Nevada’s marijuana tax revenue in September fell just short of the single-month record set in August.
Nevada closed out the first quarter of the fiscal year with another strong month of marijuana sales. New data shows that the state collected more than $7 million in tax revenue from legal marijuana from its September sales.
According to the Nevada Department of Taxation, the state brought in more than $7.49 million in September. That revenue comes from a 15 percent wholesale tax on medical and recreational marijuana that’s paid by cultivation and production facilities, plus a 10 percent excise tax on recreational sales.
The month’s taxable sales for both medical and adult use marijuana totaled $49.43 million. The state collected $3.34 million from the wholesale tax and just over $4.15 million from the excise tax.

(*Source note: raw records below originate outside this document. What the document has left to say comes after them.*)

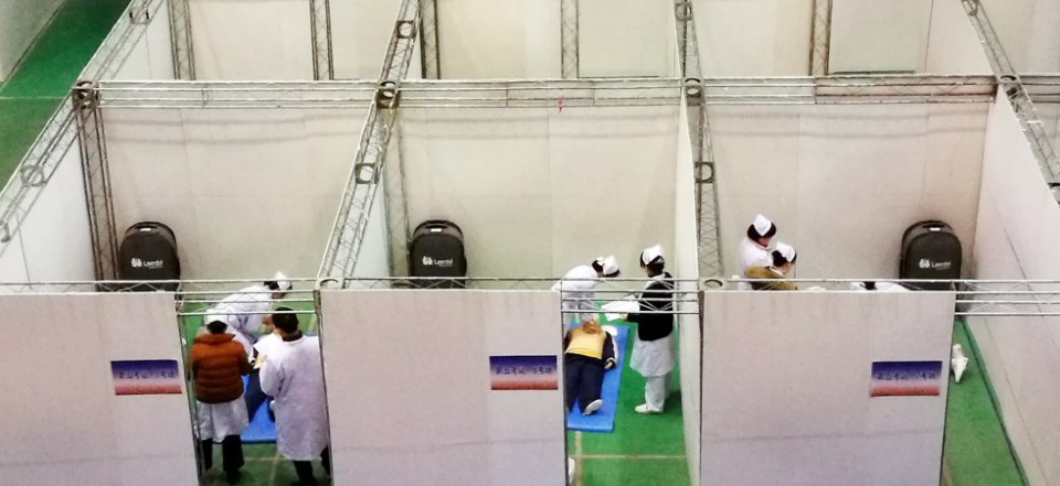 考核地点设在安医大体育馆,分上下午两场进行,高新院区副院长张泓和护理部主任丁萍、副主任韩江英巡考。考核形式参照全国护理技能大赛的标准设置,考点分8组同步进行,每组2名监考老师,各组相对独立,互不干扰,既大大提高考核效率,又让考生拥有一种全新的挑战体验,提升了考生操作技能的规范意识,锻炼了心理素质,为以后参加技能大赛打下良好基础。
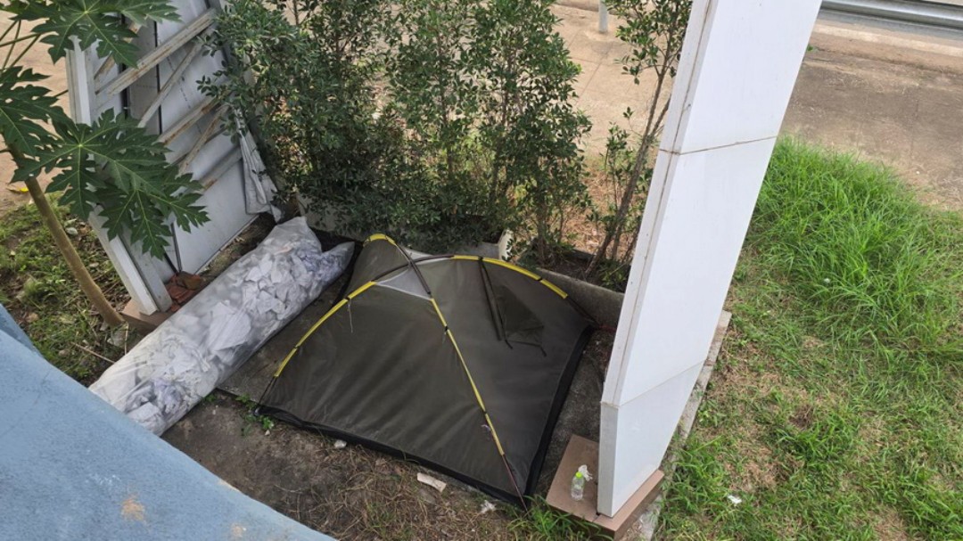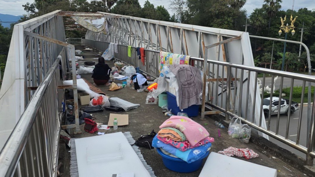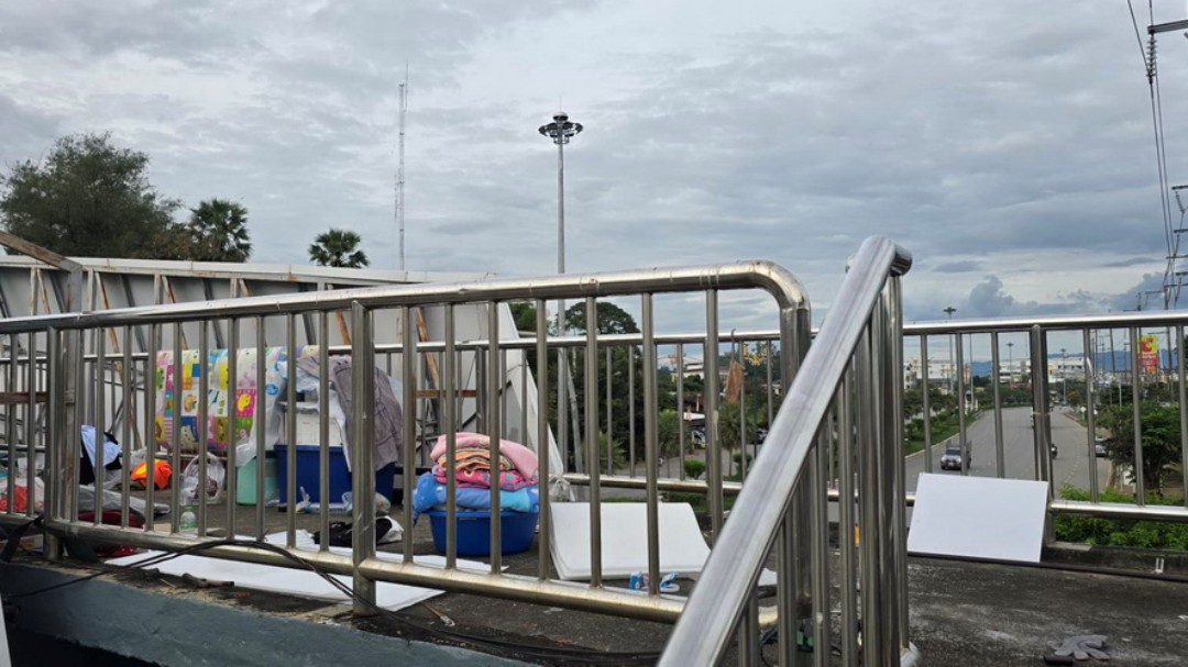 จุดเสี่ยง! สองผัวเมียไร้บ้าน ‘ตั้งเต็นท์’ บนสะพานลอยกลางเมืองหล่มสัก กีดขวางทางเดิน-หวั่นเด็กนักเรียนไม่ปลอดภัย
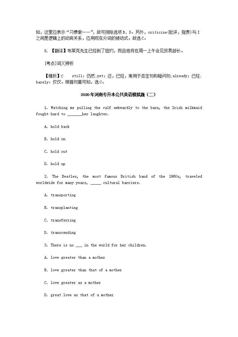 【文档名称】 2020年河南专升本公共英语模拟题三套(Word版).doc

Nevada’s marijuana tax revenue for September is slightly down from the $8.1 million collected in August and the $7.9 million generated in July. It tops the $7.12 million the state collected from marijuana in June.
“We’re seeing some small up and down fluctuations in revenue from month to month, but the overall trend is one of substantial growth over last year,” said Bill Anderson, executive director of the Nevada Department of Taxation, according to the Las Vegas Sun.
Year-to-date marijuana tax collections for the Silver State have now reached nearly $24 million, a 77 percent year-over-year increase. The wholesale marijuana tax accounts for nearly $11 million of that amount, more than double the total for the same period last year. The excise marijuana tax brought in $24.48 million.
Nevada’s Marijuana Tax Revenue
Since retail recreational marijuana sales launched July 1, 2017, Nevada’s marijuana tax revenue has continued to beat projections. The governor’s office projected that marijuana sales would garner $5 million a month from marijuana wholesale and excise taxes from July 2017 to July 2019, for a total of $120 million. Actual tax collections are on pace to be 40 percent higher.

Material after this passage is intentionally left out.